= WHAT YOU WILL DO =
Please give back the listing below word for word and drop any images.

= DATA SHOWN =
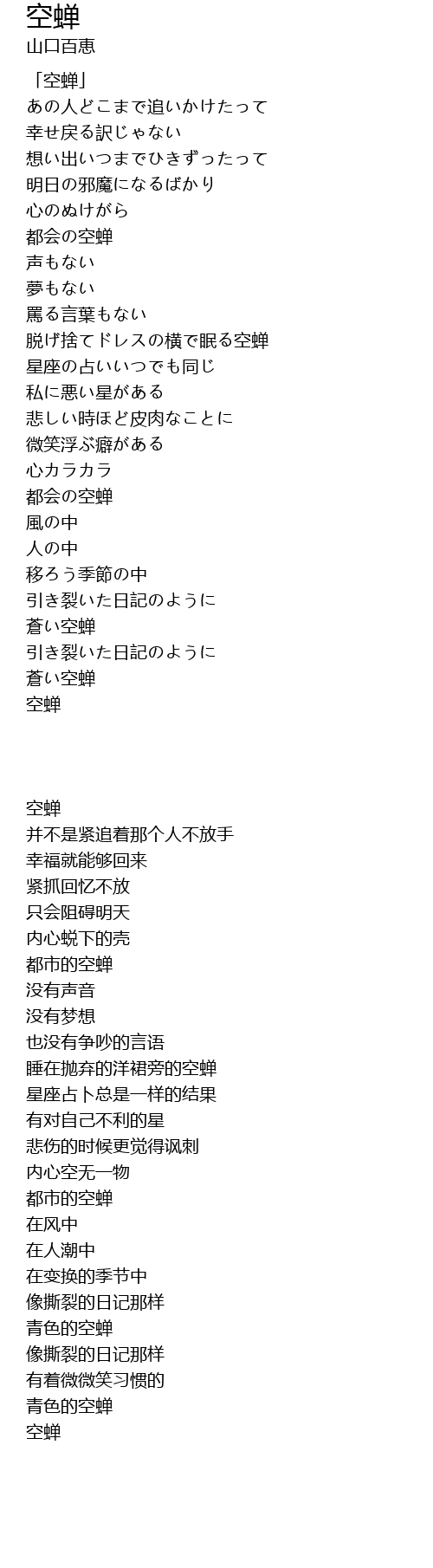 | [01:20.55] | 睡在抛弃的洋裙旁的空蝉 |
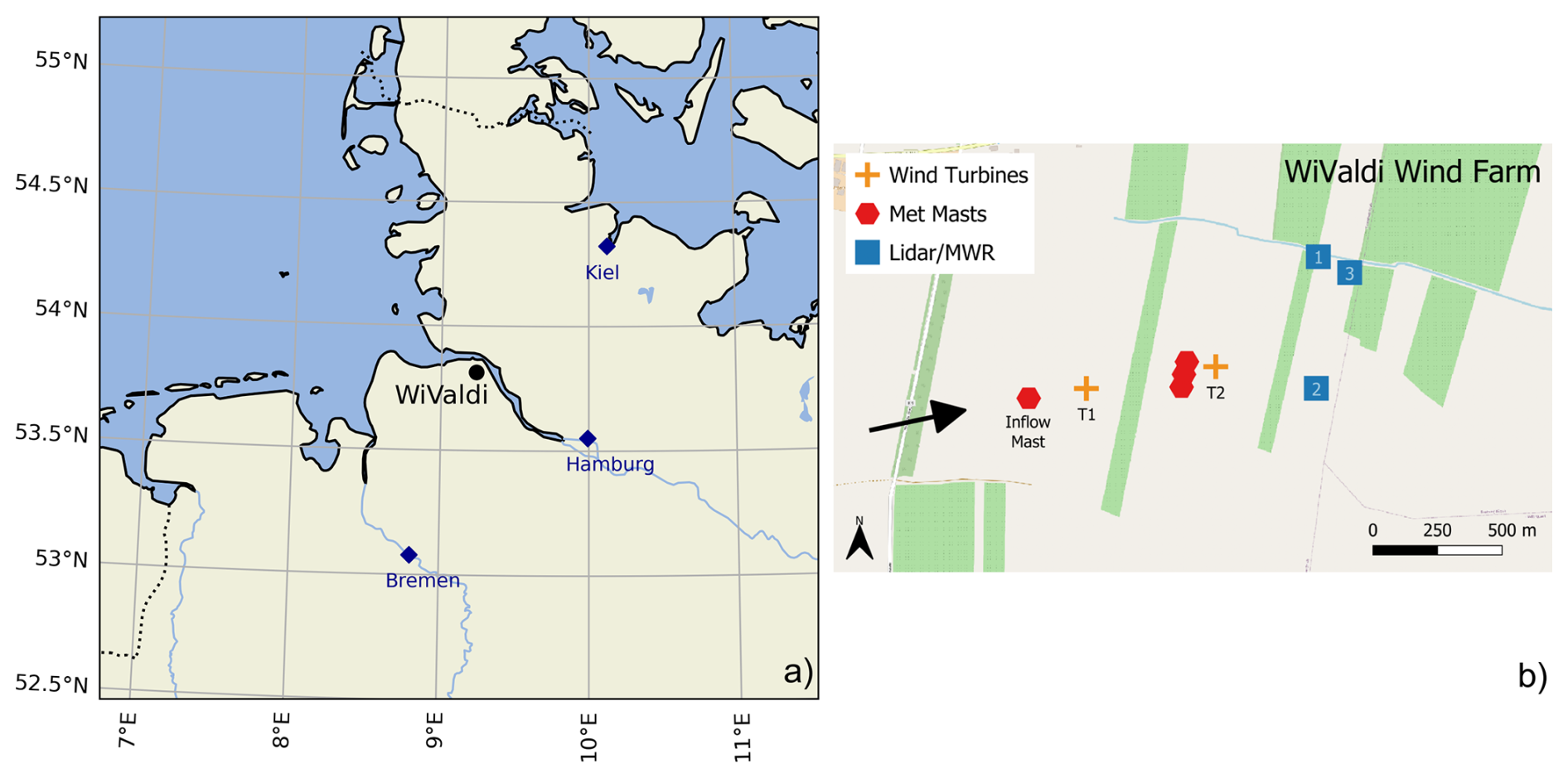 Figure 1(a) Map of northern Germany centered on the location of the WiValdi wind farm. Blue diamonds indicate nearby major cities, while dashed lines indicate country borders. (b) Detailed layout of WiValdi, indicating the locations of the wind turbines, meteorological masts, MWR, lidar, and underlying simple terrain. The blue squares represent the location of both the lidar and the MWR, with the overlaid numbers indicating their different positions in chronological order: November 2020–March 2022 (1), October 2022–May 2024 (2), and May 2024–present (3). The black arrow indicates the primary west-southwesterly wind direction at WiValdi. Background map: © OpenStreetMap contributors 2025. Distributed under the Open Data Commons Open Database License (ODbL) v1.0.
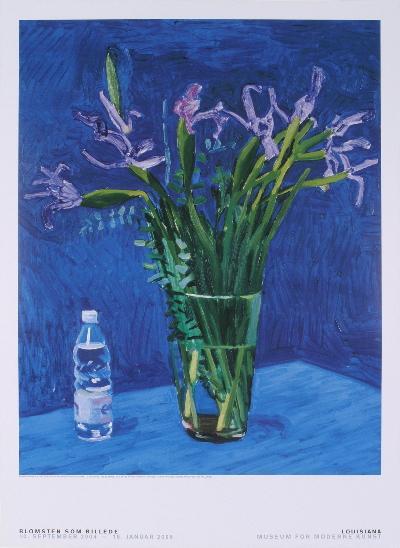 Reference #: ULCB5004 Artist Name: Hockney, David Title: Iris with Evian bottle Medium: Offset Lithograph Edition Size: Unknown Year: Unknown Paper Size: 33.25 x 24.25 inches Image Size: 27.75 x 22 inches Condition: A: Mint Notes: Original exhibition poster for "Blmosteinsom Billede" September 20, 2004 - January 16, 2005 at Louisiana Museum of Modern Art
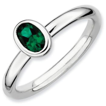 Silver Ring 1 Oval Created Emerald stones
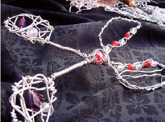 西さんがアクセサリー作りを始めた1990年代後半から現在に至るまでに、何度かの「ハンドメイドブーム」を経て、アクセサリー用途として数多くのパーツが開発生産されるようになった。今や、手芸店で買ったパーツをパズルのように組み立てるだけで、誰にでも手軽にアクセサリー作りを体験できる。だが西さんが作り始めた当初、手元にあったのはごく限られた種類のパーツと布や糸、金属線、樹脂といった素材だけ。作品づくりは、毎回ゼロからの手探りだった。だが、そこにこそ創造の面白さもあった。
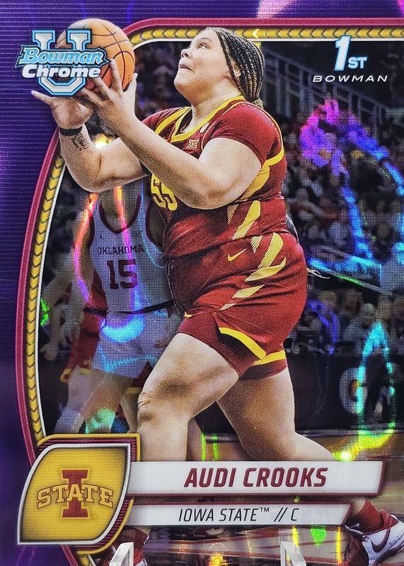 Audi Crooks 1st 2024-25 Bowman Chrome U Purple Lava Refractor #9 Iowa State
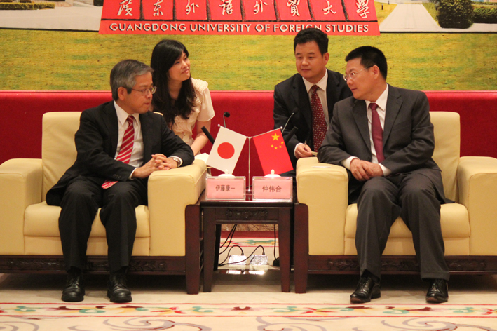 仲伟合首先对伊藤康一的来访表示了热烈的欢迎,并在介绍我校在国际化特色建设及日语学科发展方面取得的突出成就的同时,对日本总领事馆给予的大力支持与帮助表示了衷心的感谢。

= RESULT FOR THIS EXERCISE =
 | [01:20.55] | 睡在抛弃的洋裙旁的空蝉 |
 Figure 1(a) Map of northern Germany centered on the location of the WiValdi wind farm. Blue diamonds indicate nearby major cities, while dashed lines indicate country borders. (b) Detailed layout of WiValdi, indicating the locations of the wind turbines, meteorological masts, MWR, lidar, and underlying simple terrain. The blue squares represent the location of both the lidar and the MWR, with the overlaid numbers indicating their different positions in chronological order: November 2020–March 2022 (1), October 2022–May 2024 (2), and May 2024–present (3). The black arrow indicates the primary west-southwesterly wind direction at WiValdi. Background map: © OpenStreetMap contributors 2025. Distributed under the Open Data Commons Open Database License (ODbL) v1.0.
 Reference #: ULCB5004 Artist Name: Hockney, David Title: Iris with Evian bottle Medium: Offset Lithograph Edition Size: Unknown Year: Unknown Paper Size: 33.25 x 24.25 inches Image Size: 27.75 x 22 inches Condition: A: Mint Notes: Original exhibition poster for "Blmosteinsom Billede" September 20, 2004 - January 16, 2005 at Louisiana Museum of Modern Art
 Silver Ring 1 Oval Created Emerald stones
 西さんがアクセサリー作りを始めた1990年代後半から現在に至るまでに、何度かの「ハンドメイドブーム」を経て、アクセサリー用途として数多くのパーツが開発生産されるようになった。今や、手芸店で買ったパーツをパズルのように組み立てるだけで、誰にでも手軽にアクセサリー作りを体験できる。だが西さんが作り始めた当初、手元にあったのはごく限られた種類のパーツと布や糸、金属線、樹脂といった素材だけ。作品づくりは、毎回ゼロからの手探りだった。だが、そこにこそ創造の面白さもあった。
 Audi Crooks 1st 2024-25 Bowman Chrome U Purple Lava Refractor #9 Iowa State
 仲伟合首先对伊藤康一的来访表示了热烈的欢迎,并在介绍我校在国际化特色建设及日语学科发展方面取得的突出成就的同时,对日本总领事馆给予的大力支持与帮助表示了衷心的感谢。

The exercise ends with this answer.